Kommt es wegen eines technischen Defekts am Fluggerät zu einer Ankunftsverspätung von über 3 Stunden, steht dem Fluggast eine Ausgleichszahlung nach Verordnung (EG) 261/2004 zu, so das Landgericht Darmstadt. Wegen eines technischen Defekts kam es zu einer erheblichen Verspätung. Die Fluggesellschaft berief sich auf außergewöhnliche Umstände, welche sie von der Entschädigungspflicht befreien würde. Wie schon zuvor der BGH (Az.: Xa ZR 76/07, Urteil v. 12.11.2009) entschied auch das Landgericht Darmstadt, dass technische Defekte in der Regel keine außergewöhnlichen Umstände darstellen, welche die Airline von der Zahlung einer Fluggastentschädigung nach Verordnung (EG) 261/2004 befreien würde. Dies gelte auch dann, wenn die Airline das Fluggerät ordnungsgemäß gewartet hat.

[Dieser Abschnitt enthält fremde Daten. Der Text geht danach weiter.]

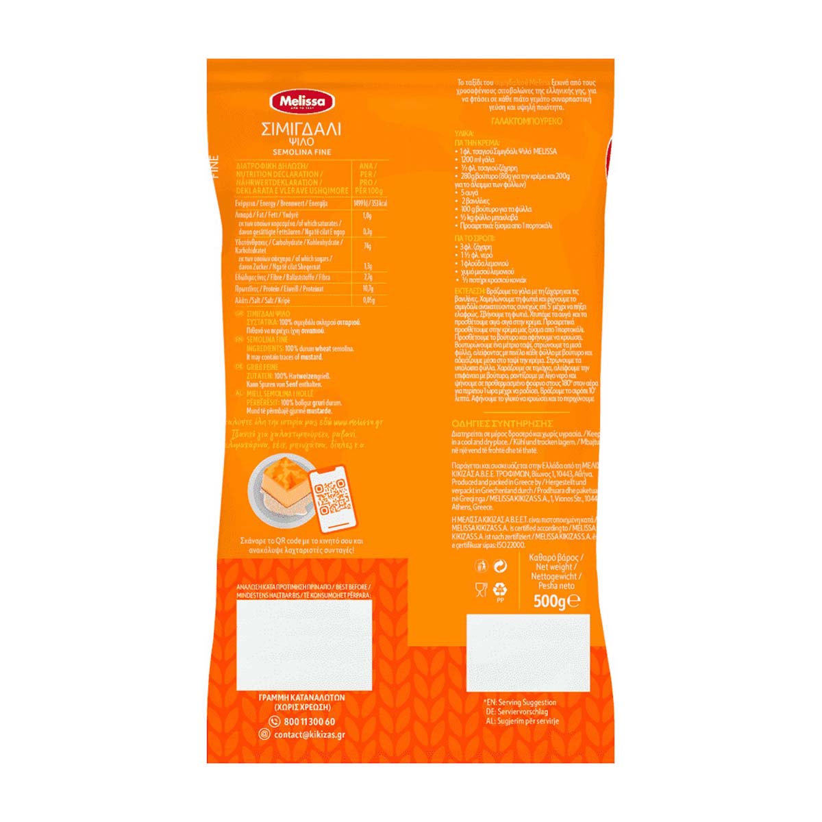 Το σιμιγδάλι Melissa παράγεται από ελληνικά σκληρά σιτάρια, έχει ωραία υφή, εξαιρετικό άρωμα και γεύση για σίγουρο αποτέλεσμα. Το σιμιγδάλι είναι προιόν άλεσης του σκληρού σίτου και αποτελεί αγαπημένο υλικό για την παρασκευή γλυκισμάτων. Το ψιλό σιμιγδάλι είναι ιδανικό για ραβανί και γαλακτομπούρεκο.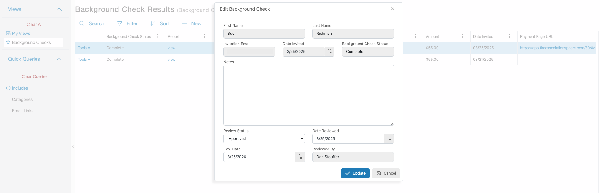 Invitation URL – The link for the constituent to submit their background check info and approval

Verbrauchsgüterkauf: Bei mangelhafter Ware hat Verkäufer die Ein- und Ausbaukosten zu tragen

BGH VIII ZR 70/08, Urteil v. 21.12.2011

Ein Baustoffhändler lieferte mangelhaft Fliesen an einen Verbraucher, welche dieser dann von einem Drittunternehmen in seinem Haus verlegen ließ. Der Verbraucher forderte den Verkäufer sodann zur Neulieferung und Übernahme der Kosten für den Ausbau und Abtransport der mangelhaften und den Einbau von mangelfreien Fliesen auf. Der Verkäufer verweigerte dies mit Hinweis auf die unverhältnismäßig hohen Kosten. Zu Unrecht, so der BGH. Ist eine Reparatur nicht möglich, die Neulieferung also die einzig mögliche Nacherfüllung, könne der Verkäufer diese nicht wegen unverhältnismäßiger Kosten für  Ausbau und Abtransport der mangelhaften Kaufsache verweigern. Allerdings beschränke sich die Kostenerstattung auf einen Betrag, der sowohl den Wert der Kaufsache als auch das Ausmaß des Mangels berücksichtige. Dies dürfe jedoch nicht  dazu führen, dass die Rechte des Verbrauchers ausgehöhlt werden.



A C H T U N G ! Vorstehende Ausführungen dienen lediglich einer ersten kurzen Information. Sie erheben keinen Anspruch auf Vollständigkeit bzw. Richtigkeit und ersetzen keinesfalls eine anwaltliche Rechtsberatung.